[Records shown]

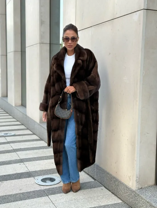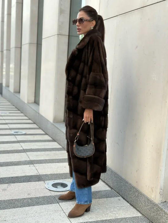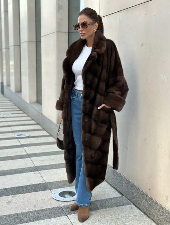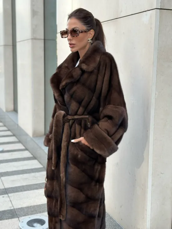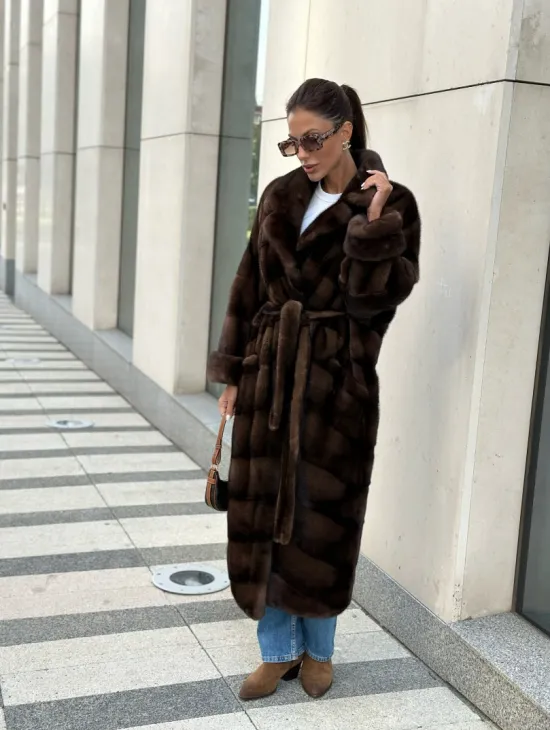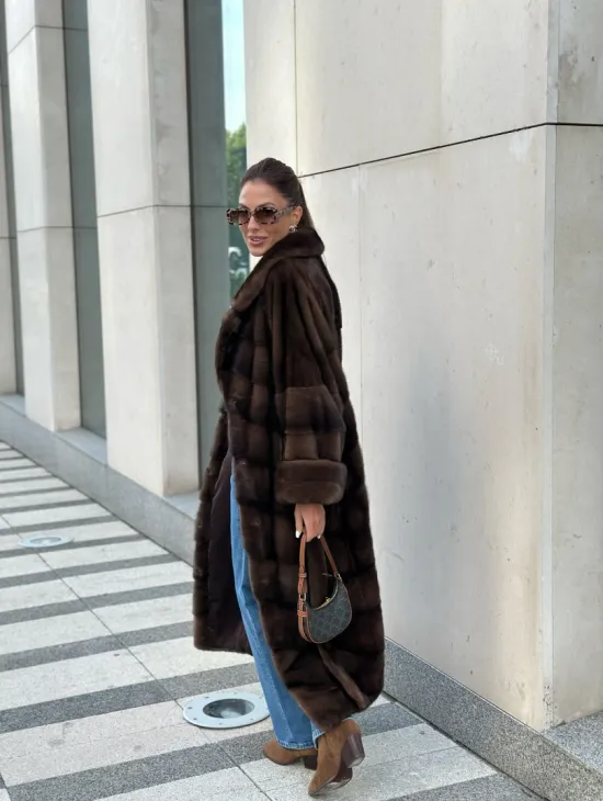 Мех данной шубы аукционная норка , цвет коричневый. Предлагается в размерах от 42 до 52. Длина модели 70-75 см, что выгодно подчеркивает фигуру девушек. Эта модель идеально подойдет для девушек и женщин, предпочитающих роскошные натуральные меха.
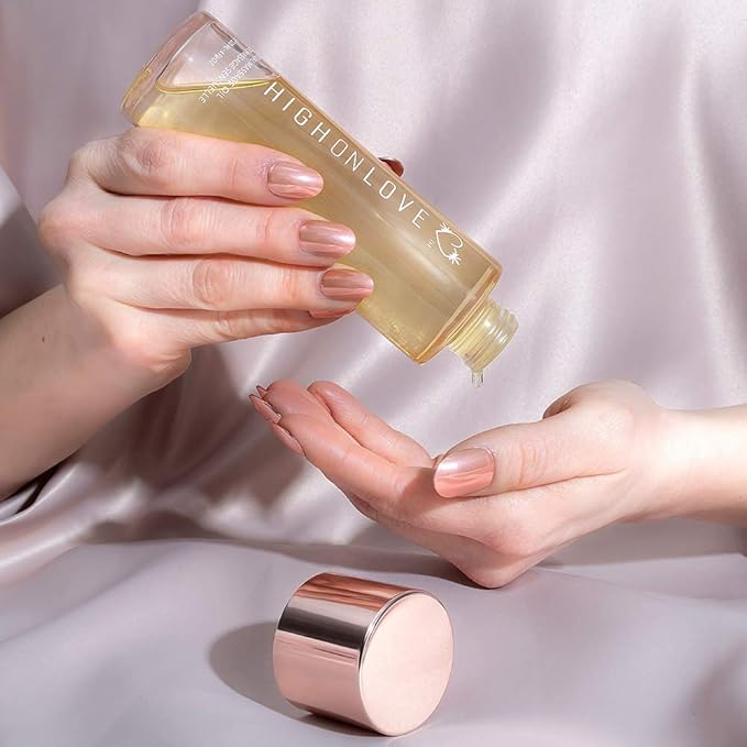 HIGHONLOVE Natural Body Oil with Hemp Seed, Grape Seed, & Vitamin E Oil - Moisturizing Body Glow with a Non-Greasy, Glowy Finish (120 ml) (Lychee Martini)
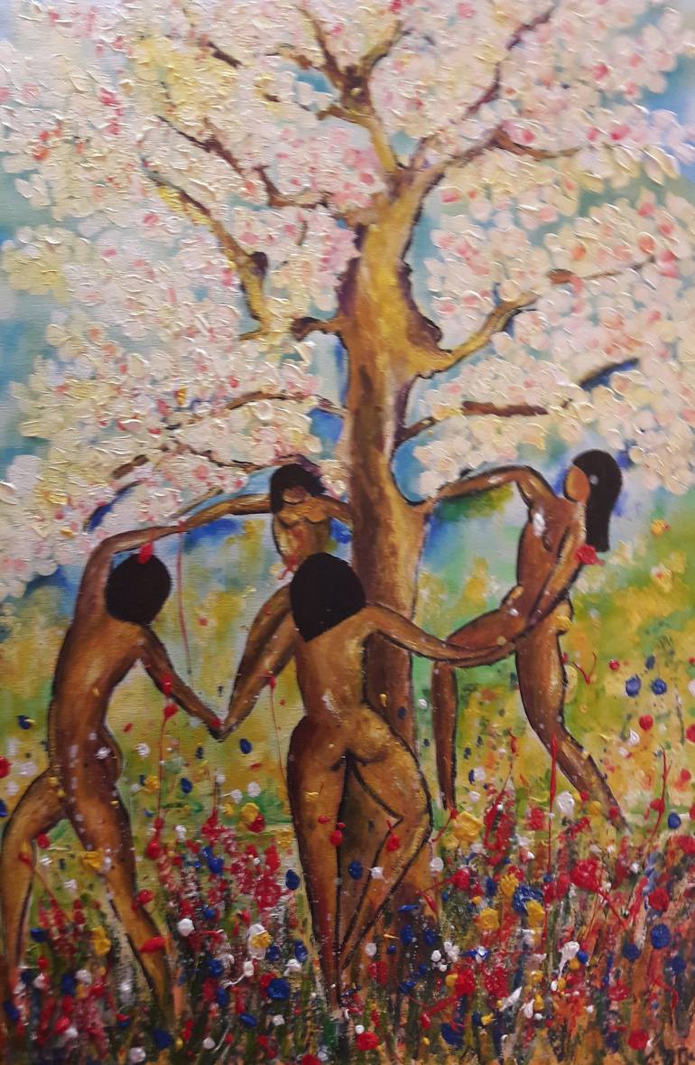 Représentation d'une Joyeuse scène de vie célébrant "la joie de vivre" avec des personnages stylisés se donnant la main et dansant autour d'un arbre fleuri et plein d'espoir ! Bonheur, Gaieté, Liberté ! L'artiste a ajouté des jets de peintures représentant des éclats de fleurs dansant avec les perso...
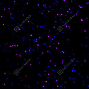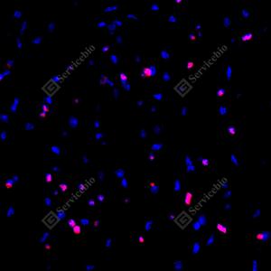 | IF检测SOX10蛋白(货号 GB15782)(红色). 样品: 大鼠胚胎, 4%多聚甲醛 (货号G1101) 固定12-24小时. 抗原修复: 抗原修复仪(货号 ARI-4),Tris-EDTA抗原修复液(pH 9.0) (货号G1203), 水浴100℃, 25分钟. 封闭: 3% BSA(货号GC305010)的PBS溶液, 室温孵育30分钟. —抗: 1: 2000稀释, 4℃ 孵育过夜. 二抗: Cy3标记山羊抗兔IgG (H+L) (货号GB21303), 1: 300稀释, 室温孵育1小时. |
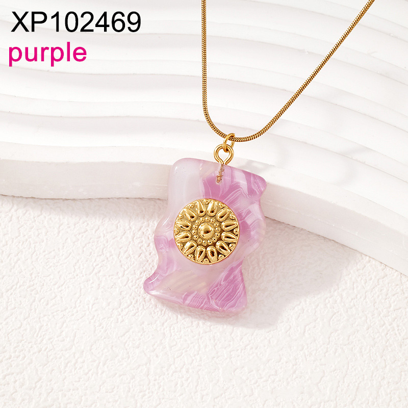 Home > Level B Stainless Steel New Trendy Women Jewelry Resin Purple Irregular Rectangle Golden Pendant
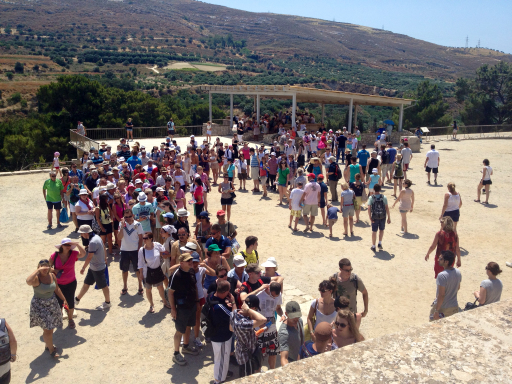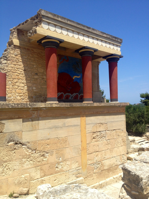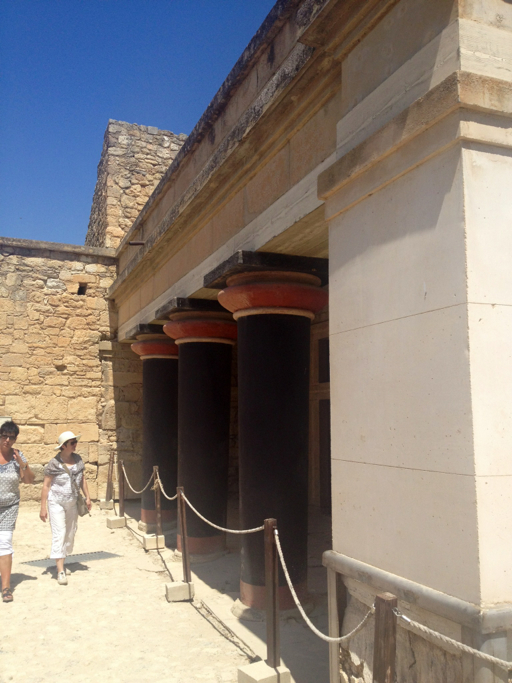 Well, we were finally able to get to the Minoan ruins at Knossos yesterday. Unfortunately, because we had to make the hour and a half drive to the ruins from Rethymnon back through Heraklion, we weren’t able to beat the tour buses to the site and it was quite busy by the time we got there. Traffic in Heraklion, the capital of Crete, is crazy.
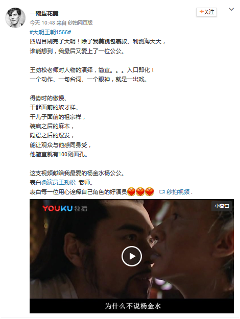 在圍觀精彩劇情的同時(shí),陳寶國(guó)、黃志忠、王慶祥、倪大紅、王勁松等一眾老戲骨的演技也令網(wǎng)友贊不絕口。尤其是王勁松飾演的“楊金水”一角,舉手投足間顯露的演技,也讓網(wǎng)友萬(wàn)萬(wàn)沒(méi)想到自己看了劇之后“竟然愛(ài)上了一位公公”。不少資深劇粉還專(zhuān)門(mén)為劇中的角色剪輯了相關(guān)“演技cut”,向廣大網(wǎng)友安利這部經(jīng)典歷史正劇。
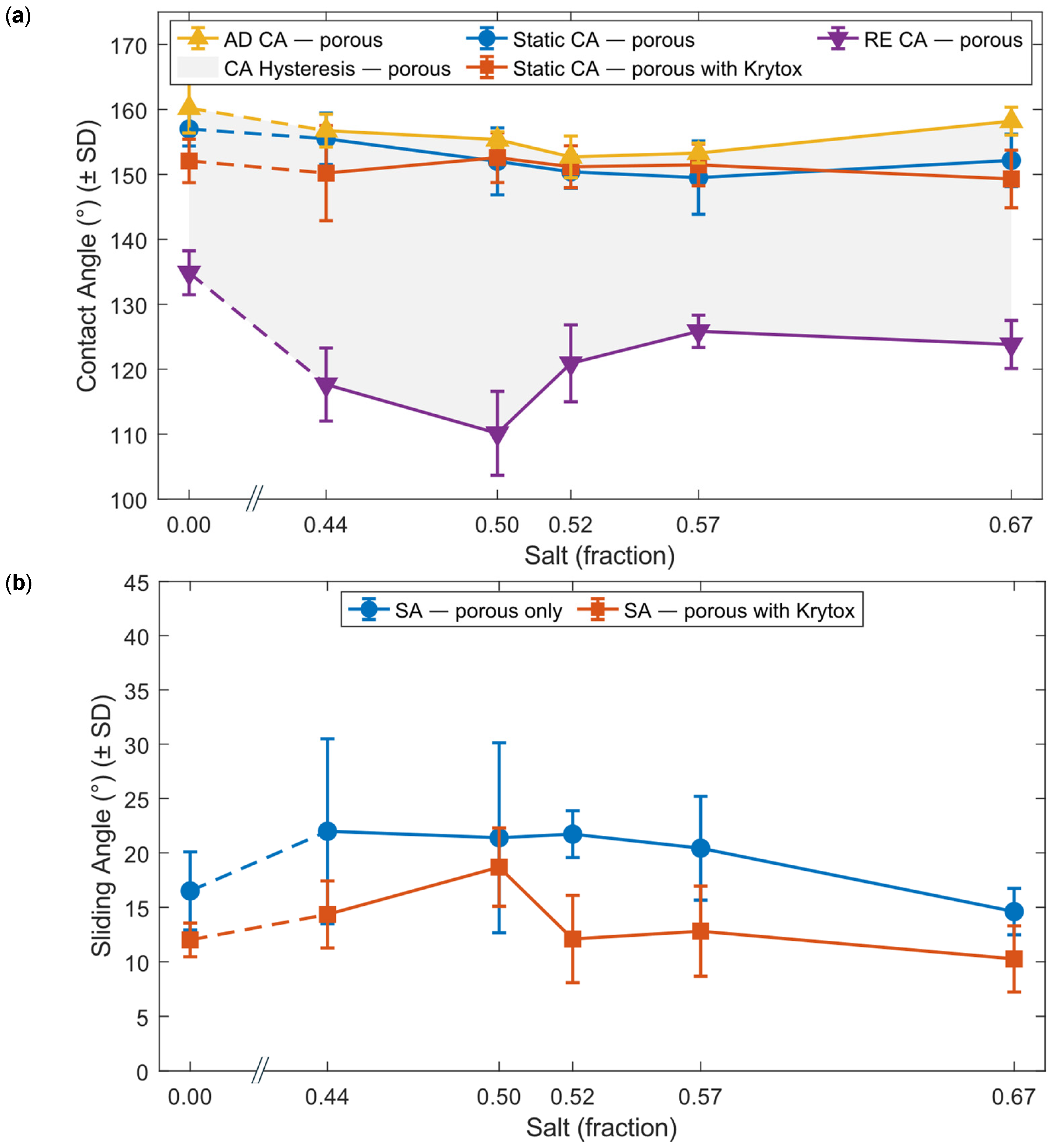 For the highest salt fraction (0.57–0.67), the apparent contact angle increased slightly, and the sliding angle decreased. This likely results from the formation of smaller pores in the 67 wt% sample (Sample 5), which may not fully wet at the pillar tips, permitting a partial Cassie–Baxter state on the upper structures and reducing pinning.
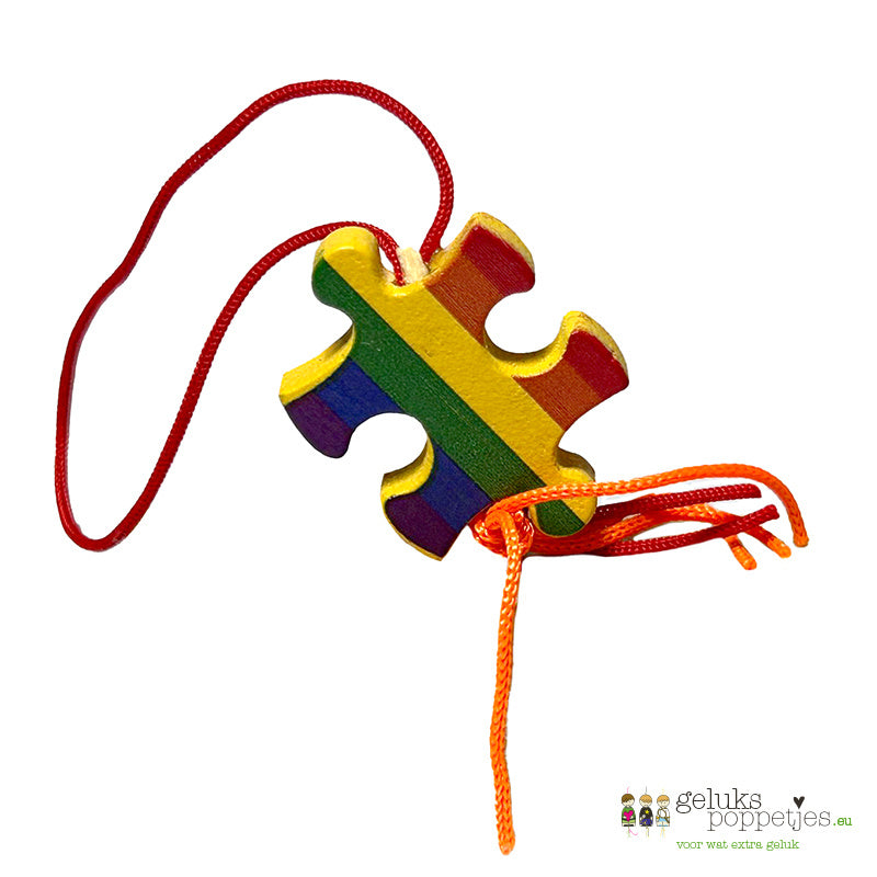 Lucky puzzle piece with rainbow colors. These lucky puzzle pieces measure approximately 26x20 mm. They're great to give to your friends.

[/Records shown]

▸ **Your objective**
The line with "HIGHONLOVE Natural Body" marks the end: restate word for word every line from the top of the data through that one, omitting pictures.

▸ **Result**
 Мех данной шубы аукционная норка , цвет коричневый. Предлагается в размерах от 42 до 52. Длина модели 70-75 см, что выгодно подчеркивает фигуру девушек. Эта модель идеально подойдет для девушек и женщин, предпочитающих роскошные натуральные меха.
 HIGHONLOVE Natural Body Oil with Hemp Seed, Grape Seed, & Vitamin E Oil - Moisturizing Body Glow with a Non-Greasy, Glowy Finish (120 ml) (Lychee Martini)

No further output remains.